Brief
Return, word for word, every line starting at the line with "画数の奇数(○陽)と偶数(●" and ending at the final line of the entries; skip the pictures.
*** Begin section ***
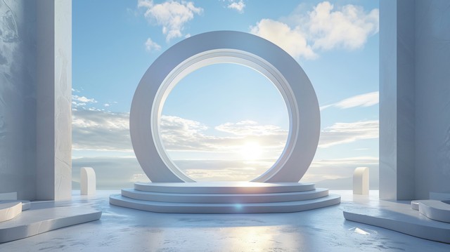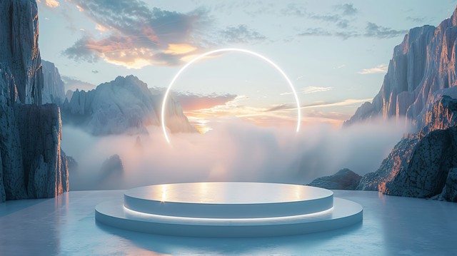 "和谐共融:自然风光前的产品展台,展示与自然和谐共生的现代设计理念"
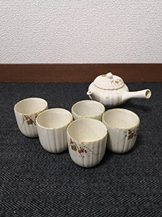 急須一個-湯呑み5客-清水焼(アイボリー)
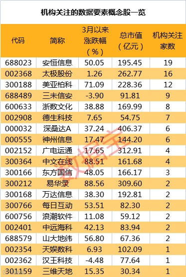 部分数据要素概念股获得机构密切关注。数据宝统计,8股获得5家以上机构评级,安恒信息、太极股份、美亚柏科评级家数居前,分别为19家、16家、12家。
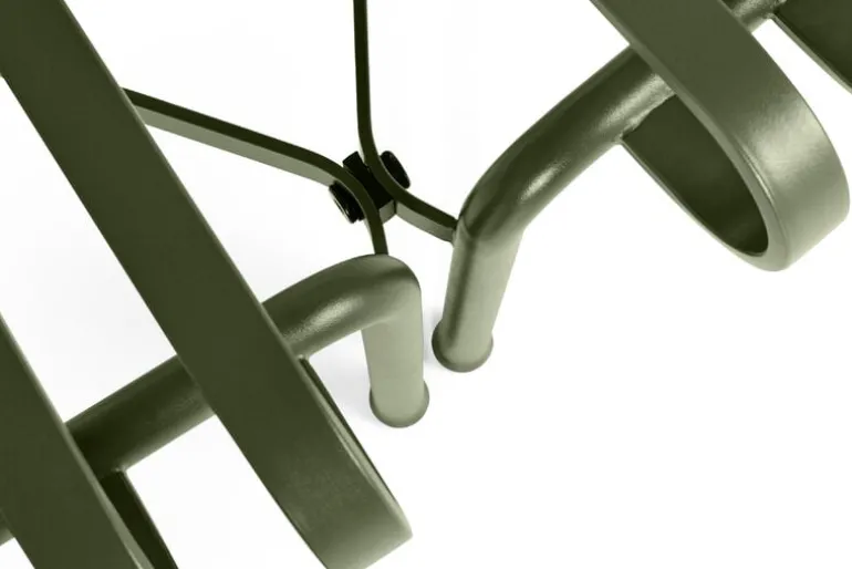 The Palissade outdoor furniture features a strong, graphic design that consists of simple steel tubes and slats. Ronan and Erwan Bouroullec have created a range of simple, balanced pieces that are well suited for terraces, balconies, gardens, cafés and public spaces. The Palissade chairs, tables and benches are sturdy but elegant, and perfect for outdoor use, since wind and water will pass through the galvanized steel frame. The Palissade furniture was designed to age well and its muted color palette adds to the timeless and versatile appearance.
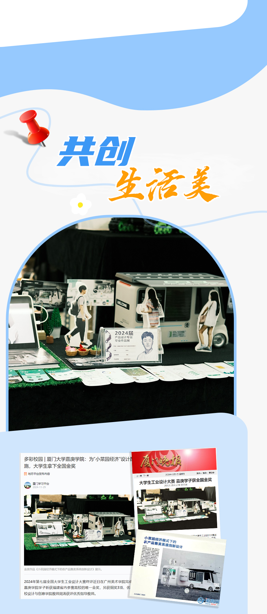 11月下旬,2024年第七屆全國(guó)大學(xué)生工業(yè)設(shè)計(jì)大賽終評(píng)在廣州美術(shù)學(xué)院完成。我校學(xué)生作品《小菜園經(jīng)濟(jì)模式下的農(nóng)產(chǎn)品售賣(mài)系統(tǒng)創(chuàng)新設(shè)計(jì)》斬獲福建省內(nèi)參賽高校的唯一金獎(jiǎng)。社會(huì)媒體在報(bào)道中表示,這個(gè)作品以選題的未來(lái)性及青年學(xué)子共創(chuàng)美好生活的主動(dòng)性,打動(dòng)了評(píng)委。
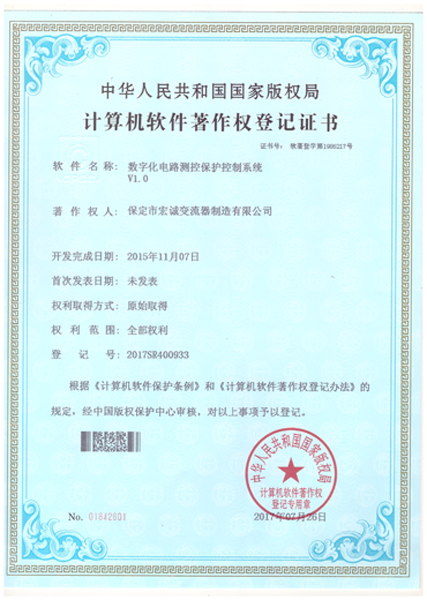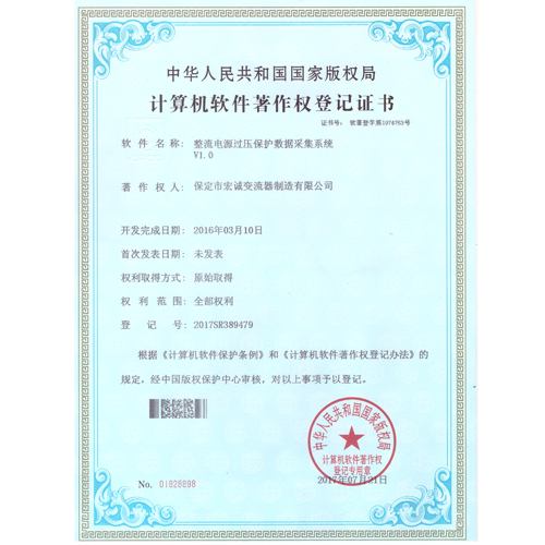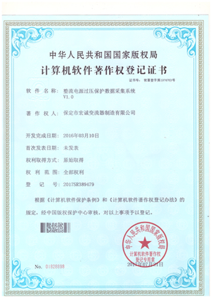 • 計(jì)算機(jī)軟件注冊(cè)權(quán)登記證書(shū)——整流電源過(guò)壓保護(hù)數(shù)據(jù)采集系統(tǒng)V1.0
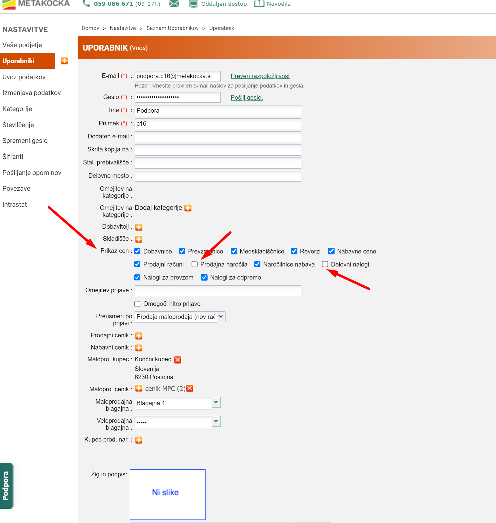 Če želite, lahko uporabniku zakrijete cene pri: Prodajni računi, prodajna naročila, naročilnica nabava, delovni nalogi, naročilnice, nalog za prevzem.
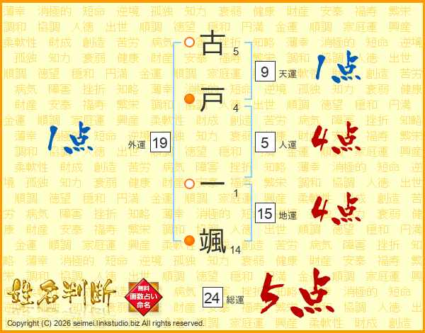 画数の奇数(○陽)と偶数(●陰)の配列で吉凶を占います。どちらかにかたよる名前は大凶名で避ける必要があります。画数の奇数偶数。
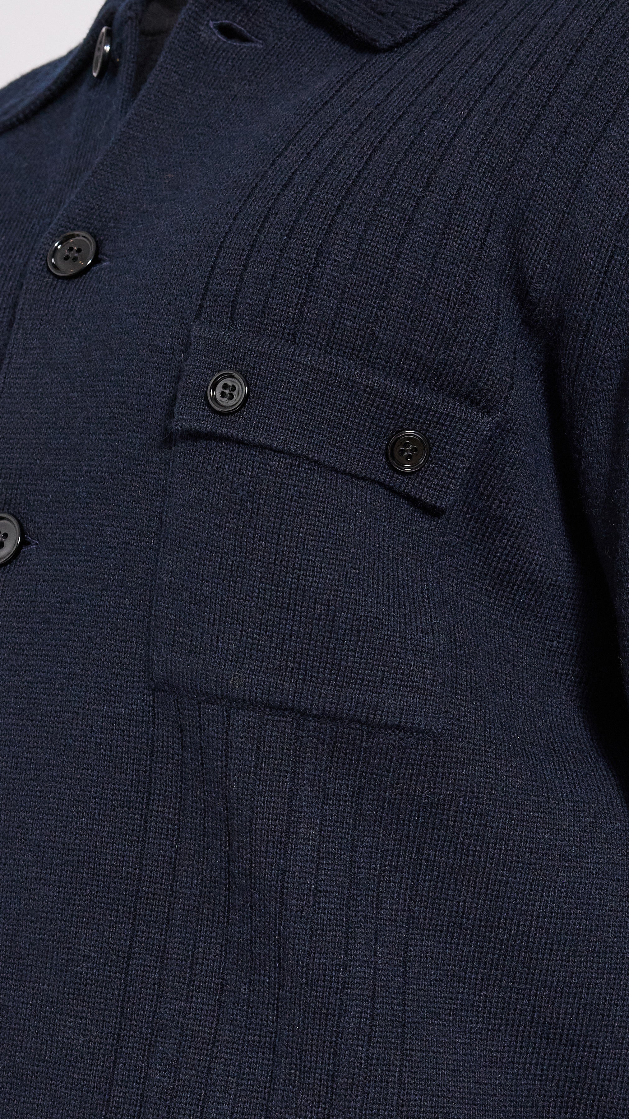 Buttoned cardigan sweater in black. Slim fit. Shirt style collar. Ribbed knit collar, hemline and cuffs. Alternating ribbed knit detail through out. Button pocket on chest.
*** End section ***
Written answer
 画数の奇数(○陽)と偶数(●陰)の配列で吉凶を占います。どちらかにかたよる名前は大凶名で避ける必要があります。画数の奇数偶数。
 Buttoned cardigan sweater in black. Slim fit. Shirt style collar. Ribbed knit collar, hemline and cuffs. Alternating ribbed knit detail through out. Button pocket on chest.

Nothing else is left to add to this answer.